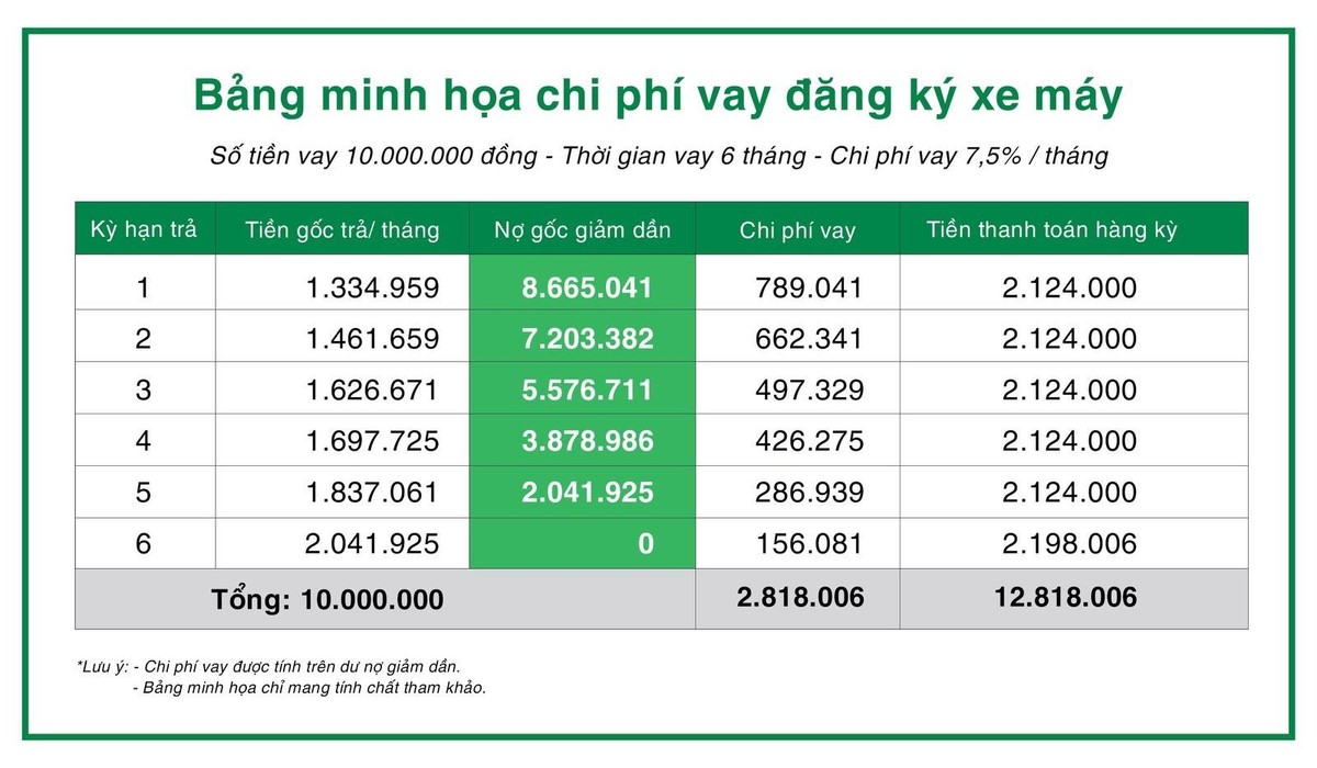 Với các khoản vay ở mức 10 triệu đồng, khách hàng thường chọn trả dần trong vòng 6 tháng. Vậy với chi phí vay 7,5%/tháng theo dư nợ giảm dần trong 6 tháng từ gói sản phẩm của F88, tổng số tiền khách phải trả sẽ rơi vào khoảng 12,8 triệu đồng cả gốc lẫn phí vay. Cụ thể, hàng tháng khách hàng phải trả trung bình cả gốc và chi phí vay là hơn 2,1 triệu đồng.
==============================
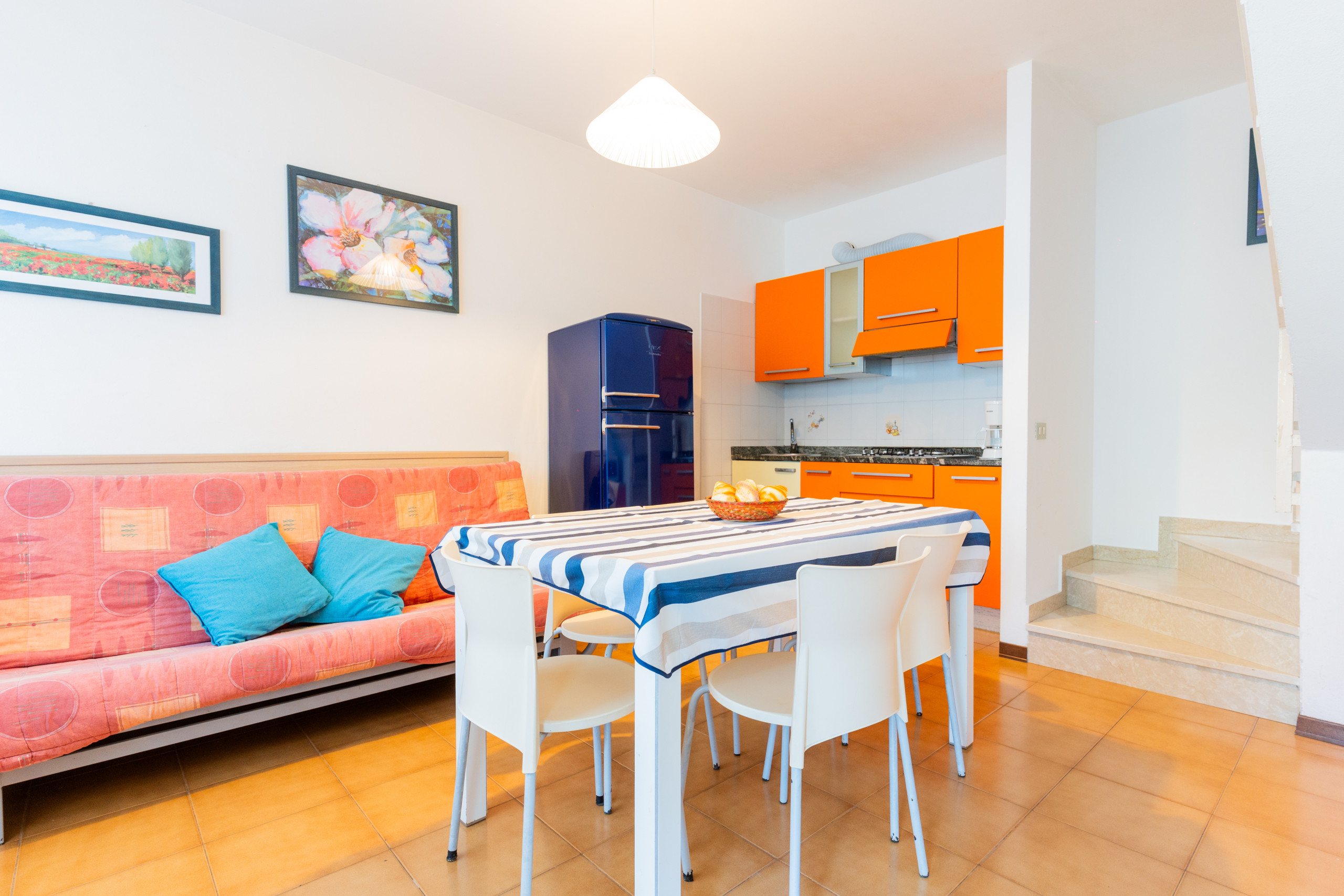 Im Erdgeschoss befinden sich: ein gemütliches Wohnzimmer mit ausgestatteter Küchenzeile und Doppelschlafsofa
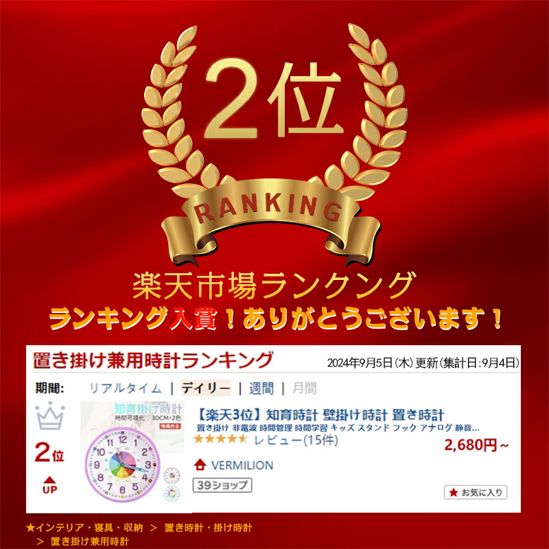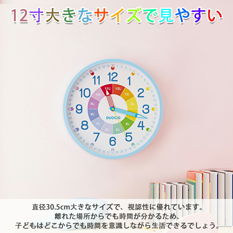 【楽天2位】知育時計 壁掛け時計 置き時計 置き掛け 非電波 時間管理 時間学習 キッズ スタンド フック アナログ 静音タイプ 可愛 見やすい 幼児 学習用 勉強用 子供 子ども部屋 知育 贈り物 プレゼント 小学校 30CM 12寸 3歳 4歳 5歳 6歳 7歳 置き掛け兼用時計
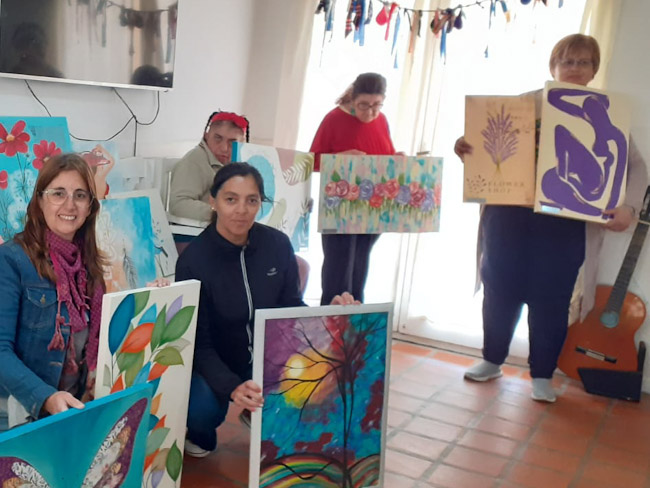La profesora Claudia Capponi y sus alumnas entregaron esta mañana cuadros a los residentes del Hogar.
==============================
= What you need to do =
Given the listing above, repeat exactly the lines starting at the one with "6歳 7歳 置き掛け兼用時計" and ending at the one with "La profesora Claudia", inclusive, excluding pictures.

= Response to the exercise =
 【楽天2位】知育時計 壁掛け時計 置き時計 置き掛け 非電波 時間管理 時間学習 キッズ スタンド フック アナログ 静音タイプ 可愛 見やすい 幼児 学習用 勉強用 子供 子ども部屋 知育 贈り物 プレゼント 小学校 30CM 12寸 3歳 4歳 5歳 6歳 7歳 置き掛け兼用時計
La profesora Claudia Capponi y sus alumnas entregaron esta mañana cuadros a los residentes del Hogar.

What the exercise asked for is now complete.